4 Simulation Experiments

Common types of faults in auxiliary inverter usually include voltage fluctuation, pulse transient and frequency variation. Collect 30 groups of data of each type with sample frequency 4,096 Hz, randomly select 18 groups of each fault with a total of 54 groups as training samples, the remaining 36 groups are taken as testing samples. The diagnostic labels of voltage fluctuation, pulse transient and frequency variation are (1 0 0), (0 1 0) and (0 0 1) respectively.

4.1 Fault Feature Extraction

Select wavelet basis ‘db4’ to decompose fault signals and get the eight-dimension feature vector, parts of initial feature samples are shown in Table 14.1.

Table 14.1 Parts of initial feature samples

Initial feature samples extracted by wavelet package transform are analyzed by PCA, as shown in Table 14.2.
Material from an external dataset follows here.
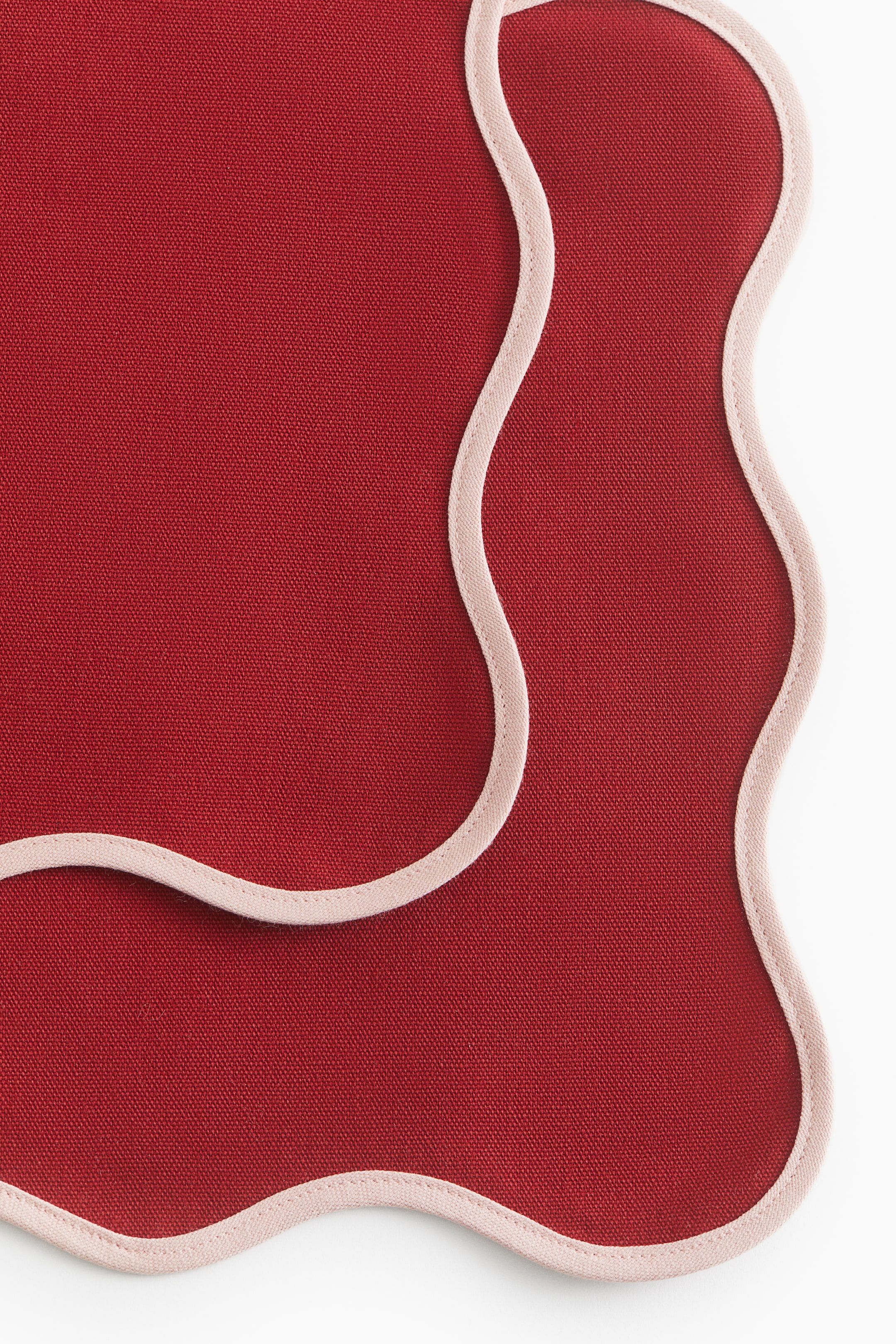 פלייסמטים מאריג כותנה עם ציפוי דוחה מים המאפשר לנקות אותם בקלות. שוליים גליים עם פס בצבע מנוגד.

Table 14.2 Analysis of initial feature samples by PCA

Concluded from Table 14.2, the cumulative contribution rate of former 6 components has reached 96.08 %, which exceeds the prescribed 95 % and nearly contains whole information. Therefore, the paper selects the former 6 components to compose the final fault feature vector to achieve dimension reduction.

4.2 Simulation Results

Neurons of input layer and output layer of PCA-WNN are determined 6 and 3 based on the fault feature samples processed by PCA. Based on amounts of tests, neurons of hidden layer are determined 13. Learning rate is 0.01, momentum factor is 0.923 and target error is 0.01. Initial feature samples are taken as the input of wavelet neural network (WP-WNN) with network structure 8-13-3, while other parameters are the same as PCA-WNN. Training error curves of PCA-WNN and WP-WNN are shown in Figs. 14.1 and 14.2. Table 14.3 shows parts of output PCA-WNN, Table 14.4 is the diagnostic comparison of PCA-WNN and WP-WNN.

Fig. 14.1
figure 1

Training error curve of PCA-WNN

Fig. 14.2
figure 2

Training error curve of WP-WNN

Table 14.3 Parts of network output of PCA-WNN
Table 14.4 Diagnostic comparison of PCA-WNN and WP-WNN

Concluded from Figs. 14.1 and 14.2, when the target error of wavelet neural network is 0.01, the network error of PCA-WNN converges to 0.0098 at 84 steps, while WP-WNN needs 218 steps of training to reach 0.0099. As is seen in Tables 14.3 and 14.4, actual outputs of PCA-WNN are closely approximating the desired outputs with the fault diagnostic accuracy 97.22 %, while the diagnostic accuracy of WP-WNN is 86.11 %.

5 Conclusion

The paper proposes the fault diagnosis method of auxiliary inverter based on the PCA and wavelet neural network. Initial feature vector extracted by wavelet package transform indicates the energy variation of fault signal, while PCA reduces the dimension of feature vector and simplifies the network structure. Simulation results show that, the proposed diagnostic method has fast convergence and classification precision, which is applicable to the diagnosis of auxiliary inverter.